For a more in-depth overview of how this encoder-free architecture works, check out A Visual Guide to Gemma 4 12B.
Gemma 4 12B achieves outstanding performance, with capabilities such as automatic speech recognition, agentic reasoning, diarization, video understanding, coding, and more.
See below examples for a demonstration of the model's agentic and multimodal capabilities:
Thanks to its agentic and multimodal understanding capabilities, Gemma 4 12B can be easily used with existing agent harnesses like OpenCode. In this example, we served it locally using llama.cpp using the gemma-skills to code a Gradio app that helped the user process images. This app was powered by the same Gemma 4 12B model that built it!
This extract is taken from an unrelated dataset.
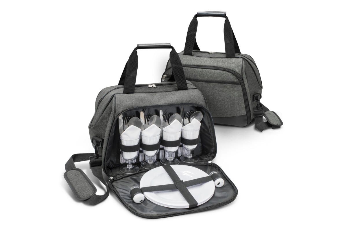 Classically designed four person picnic bag which is manufactured from poly-canvas that has an on-trend, heather style fabric finish. It has a large zippered cooler compartment which is lined with thick PE foam insulation encased in a water-resistant PEVA inner liner. The side compartment has a zip around closure that allows it to open out to 90 degrees revealing plates, cutlery, napkins and glasses for four people as well as salt and pepper shakers. Other features include an external zippered pocket, carry handles with a PU/Velcro wrap and a removable shoulder strap which is adjustable and has a comfortable shoulder pad.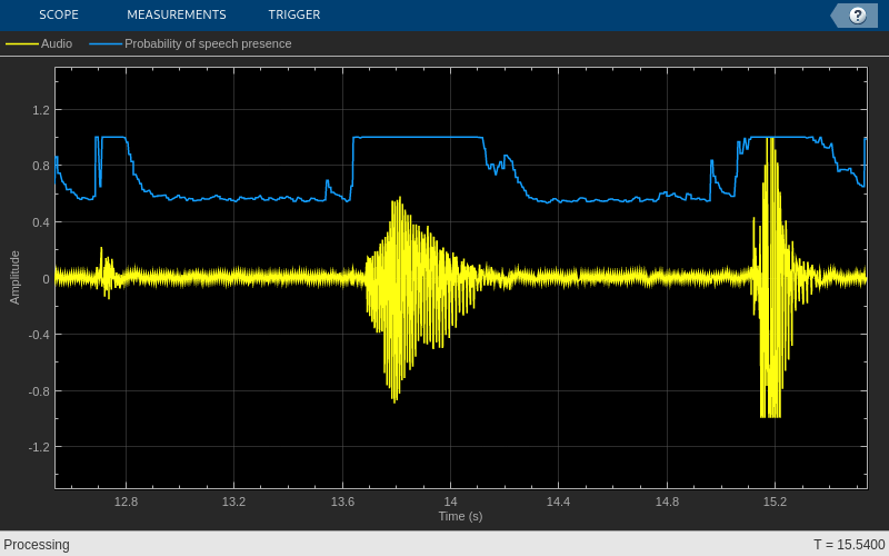 = VAD(audioIn)audioIn, и возвращает вероятность того, что речь присутствует. Это также возвращает предполагаемое отклонение шума на интервал частоты.

We used Gemma 4 12B to analyse a part from the Google IO Keynote moment from May 19, specifically the 5 minutes between 00:15:32 and 00:20:45. To do that, we extracted all the frames of that segment (at 1 FPS), plus the prompt and the audio from the video:
Link to Youtube Video (visible only when JS is disabled)
Prompt:
"what happens when the man takes a selfie?"
When the man takes a "selfie" or is shown holding a smartphone in front of his face in these demonstration videos, it is a clever way to visually represent how the AI models can take existing media—like a personal photo or a video clip—and "reimagine" it. In these specific clips, the model is taking a selfie and using it as a base to generate various scenarios (like a person in a space station, or walking through a forest).
Essentially, the man is not actually taking a selfie; rather, he is acting out a visual metaphor for the AI's capability to take one specific input (a "selfie") and generate a whole world of new content based on it. This is part of the "Swap" and "Build worlds" demonstrations of the Gemini Omni model, showing its ability to perform complex, multi-modal reasoning and creative generation.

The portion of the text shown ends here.